25. The power supply circuit according to claim 24, wherein each of said plurality of switch circuits includes:

a fourth transistor which includes a current path and a gate, said current path being connected between said first and second input/output terminals, said gate being supplied with a signal with a complementary level to a level of said signal inputted into said control input terminal;

a fifth transistor which includes a current path and a gate, said current path being connected between said second and fourth input/output terminals, said gate being supplied with said signal inputted into said control input terminal;

a sixth transistor which includes a current path and a gate, said current path being connected between said fourth and third input/output terminals, said gate being supplied with said signal with said complementary level to a level of said signal inputted into said control input terminal; and

a seventh transistor which includes a current path and a gate, said current path being connected between said third and first input/output terminals, said gate being supplied with a signal inputted into said control input terminal.
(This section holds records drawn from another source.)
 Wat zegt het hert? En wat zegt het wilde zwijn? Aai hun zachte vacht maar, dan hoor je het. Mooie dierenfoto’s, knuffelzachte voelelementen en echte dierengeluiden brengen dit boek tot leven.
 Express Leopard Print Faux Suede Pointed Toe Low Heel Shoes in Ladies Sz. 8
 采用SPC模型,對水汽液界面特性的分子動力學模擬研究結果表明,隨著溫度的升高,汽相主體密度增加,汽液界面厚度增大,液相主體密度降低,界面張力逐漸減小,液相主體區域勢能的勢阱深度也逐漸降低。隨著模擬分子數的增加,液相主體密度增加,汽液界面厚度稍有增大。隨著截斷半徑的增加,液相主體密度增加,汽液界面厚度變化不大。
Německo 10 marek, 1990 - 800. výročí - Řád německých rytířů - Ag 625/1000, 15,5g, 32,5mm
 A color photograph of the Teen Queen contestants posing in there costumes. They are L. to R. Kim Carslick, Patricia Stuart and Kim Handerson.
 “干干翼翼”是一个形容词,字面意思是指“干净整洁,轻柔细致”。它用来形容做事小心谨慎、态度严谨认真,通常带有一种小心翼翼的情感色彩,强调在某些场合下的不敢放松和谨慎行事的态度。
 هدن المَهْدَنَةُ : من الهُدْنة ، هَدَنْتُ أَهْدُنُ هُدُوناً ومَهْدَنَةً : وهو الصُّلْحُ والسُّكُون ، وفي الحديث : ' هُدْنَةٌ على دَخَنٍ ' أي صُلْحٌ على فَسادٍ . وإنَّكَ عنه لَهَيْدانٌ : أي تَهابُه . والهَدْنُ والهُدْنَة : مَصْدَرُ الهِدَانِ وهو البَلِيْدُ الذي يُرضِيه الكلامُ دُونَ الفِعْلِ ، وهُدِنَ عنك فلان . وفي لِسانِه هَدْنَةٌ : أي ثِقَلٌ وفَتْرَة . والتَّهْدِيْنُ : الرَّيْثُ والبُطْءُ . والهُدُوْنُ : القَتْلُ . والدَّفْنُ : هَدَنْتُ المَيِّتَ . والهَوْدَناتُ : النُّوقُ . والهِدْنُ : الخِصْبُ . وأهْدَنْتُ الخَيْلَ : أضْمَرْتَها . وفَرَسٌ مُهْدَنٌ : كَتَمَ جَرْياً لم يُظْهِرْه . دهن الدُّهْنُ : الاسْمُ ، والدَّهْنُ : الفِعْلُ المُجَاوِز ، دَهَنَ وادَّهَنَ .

26. The power supply circuit according to claim 16, further comprising a capacitance connected between said other end of said second current path and said other end of said variable resistance circuit.

27. The power supply circuit according to claim 16, further comprising a capacitance circuit connected to said other end of said second current path and said other end of said variable resistance circuit, a capacitance value of said capacitance circuit being controlled in response to said control signals.

28. The power supply circuit according to claim 27, wherein said capacitance value of said capacitance circuit being controlled in accordance with a voltage outputted from said second current path.

29. The power supply circuit according to claim 28, wherein said capacitance circuit includes:

a first capacitance connected between said second current path and said other end of said variable resistance circuit; and

at least one series circuit connected between said second current path and said other end of said variable resistance circuit, said at least one series circuit includes a switch and a second capacitance which are connected in series.

30. The power supply circuit according to claim 28, wherein said capacitance circuit includes:

a first capacitance connected between said second current path and said other end of said variable resistance circuit; and

at least one series circuit connected between said other end of said variable resistance circuit and said supply node of said second voltage, said at least one series circuit includes a switch and a second capacitance which are connected in series.

31. The power supply circuit according to claim 28, wherein said capacitance circuit includes:

a first capacitance connected between said second current path and said other end of said variable resistance circuit; and

a series circuit connected between said second current path and an intermediate node of said variable resistance circuit, said series circuit includes a switch and a second capacitance which are connected in series.